Having finished my two years of service in the Peace Corps in 1965, The Greyhound Bus Company came to my rescue upon my return. I had received $500 in mustering out pay from the Peace Corps which didn’t provide much in the way of finding a job and resettling.
Greyhound had a program for those Americans who had been out of the country for at least a year. One could buy a ticket for $99 that could be used for going anywhere in the United States, except Hawaii and Alaska – but with only one proviso – you had to use it within 99 days of the ticket’s purchase.
I don’t recall all of the places that I interviewed; however, I went back and forth across the country several times interviewing for positions, usually stopping in San Angelo, Texas where my mother was in a nursing home and where my brother Dick and his family lived. If possible, I traveled at night, renting showers at the bus stations. It saved the cost of a hotel room. I was hoping to be situated on, or near, either the east or west coast.
I had just interviewed at Cornell University and was winding my way back, via Washington, DC (where I had dinner with a Malaysian friend, Normin Shah and her mother – another story) to San Angelo when I found myself in Saint Louis early one morning where I had to transfer to another bus. My suitcase did not arrive, and I had to wait until late afternoon for my next bus. Uttering a few curse words and, in order to not waste a day in the bus station, I checked the yellow pages to see if there were any universities in St. Louis. I found that there were two: Washington University and St. Louis University. I called the former and asked if there were any openings in their library. Indeed, they had an opening as Head of the Catalog Department. While I didn’t really qualify since all of my positions had been with public services, it was an area in which I was interested in getting experience. Averill Nero, the Personnel Officer, asked if I were interested in applying. When I answered that I was, she asked me when I would like to interview. I explained my predicament and I replied that I would like an interview “now.” She was wonderful and arranged for an interview at 10:00 A.M.
I quickly took a shower at the bus station, put on my dirty and rumpled clothes (I didn’t even have a jacket), and took a taxi to the University. I met with Averill Nero, who took me for the interview with the Librarian, Andrew Eaton and his Assistant, Steve Salmon. I explained that I was anxious to get some experience in the technical services and that I was sure that I could take on the position of Chief of the Cataloging Department. While Steve was giving me a tour of the Library, I found that Dr. Eaton, rather than writing my former boss, had telephoned Dr. Ralph Ellsworth at the University of Colorado. Dr. Eaton reported that he had asked Ralph if I would be capable of running a cataloging department, and had gotten the answer “if Joe says he can do it, he can.” They offered me the position on the spot. While, by this time, I had had several positions offered to me, none of which I was interested in, none had been offered after only a one-hour interview. Since I had an outstanding application with the Chinese University of Hong Kong, I asked if I could delay my answer for two weeks. They agreed.

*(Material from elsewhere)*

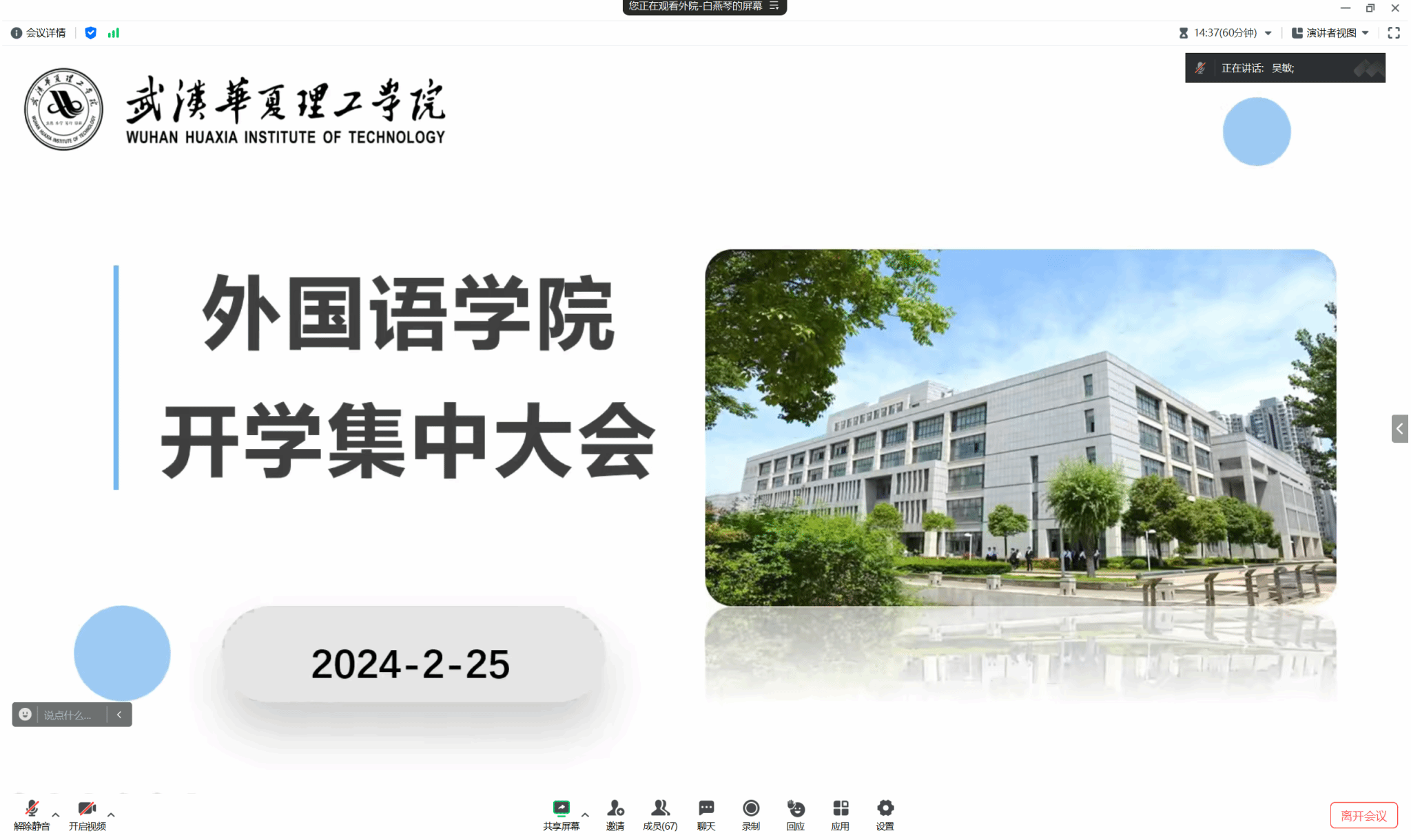 为谋新篇开新局,确保我院在新学期开学工作平稳有序进行,2月25日上午,外国语学院召开了线上学院全体教职工大会。会议由白燕琴副院长主持。
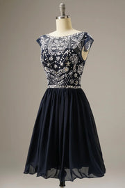 Vestido de fiesta corto con mangas cortas y cuentas - Negro / EE. UU. 2 / Reino Unido 6 / UE 32

I returned to the bus station, found my bag, and left for San Angelo where I spent two weeks visiting with my mother while my brother Dick and his family had a vacation. I believe that Dick was going on a training class for the Navy Reserve while his wife Dorothy Lee, children Susan and James, had a vacation. My stay was rather expensive for them. I probably ruined the lawn mower by filling it with kerosene rather than gasoline.
While in San Angelo, I received a letter from Hong Kong offering me the position of Head Librarian. Unfortunately, the salary that was offered was less than the one advertised. I’m sure that this was meant to open the bargaining. I was not in the mood for bargaining so wrote them that I was withdrawing my name from consideration and that they need not send me a counteroffer.
Instead of living in Hong Kong, I accepted the position as head of the Catalog Department at Washington University in Saint Louis.
On my first day in the Catalog Department, it became clear to me that I didn’t know anything about “series” and many of the complications that they presented. Evading discussion with the staff, I spent the first evening in the department working out the complications – publisher’ series? traced or not traced? classified as a whole or in parts? etc. etc. I was, therefore, able to speak “cataloging language” for doubting catalogers.
On to another hurdle – organizing the large backlog of books awaiting cataloging. Every desk and table were covered with such books. It took about a week to organize them so that they could be out of sight and could be located.
Steve Salmon, my immediate supervisor, was impressed; thereby, opening up a very important career channel – one that ultimately lead me to the most important technical services position in the United States at the Library of Congress. Steve Salmon who, later, moved to the Library of Congress, suggested that I apply for the vacancy there for Assistant Chief of Descriptive Cataloging.
Thanks to Washington University for taking a chance on me but, most of all, to the Greyhound Bus Company, that not only provided me with the cheap bus ticket but also, for losing my luggage.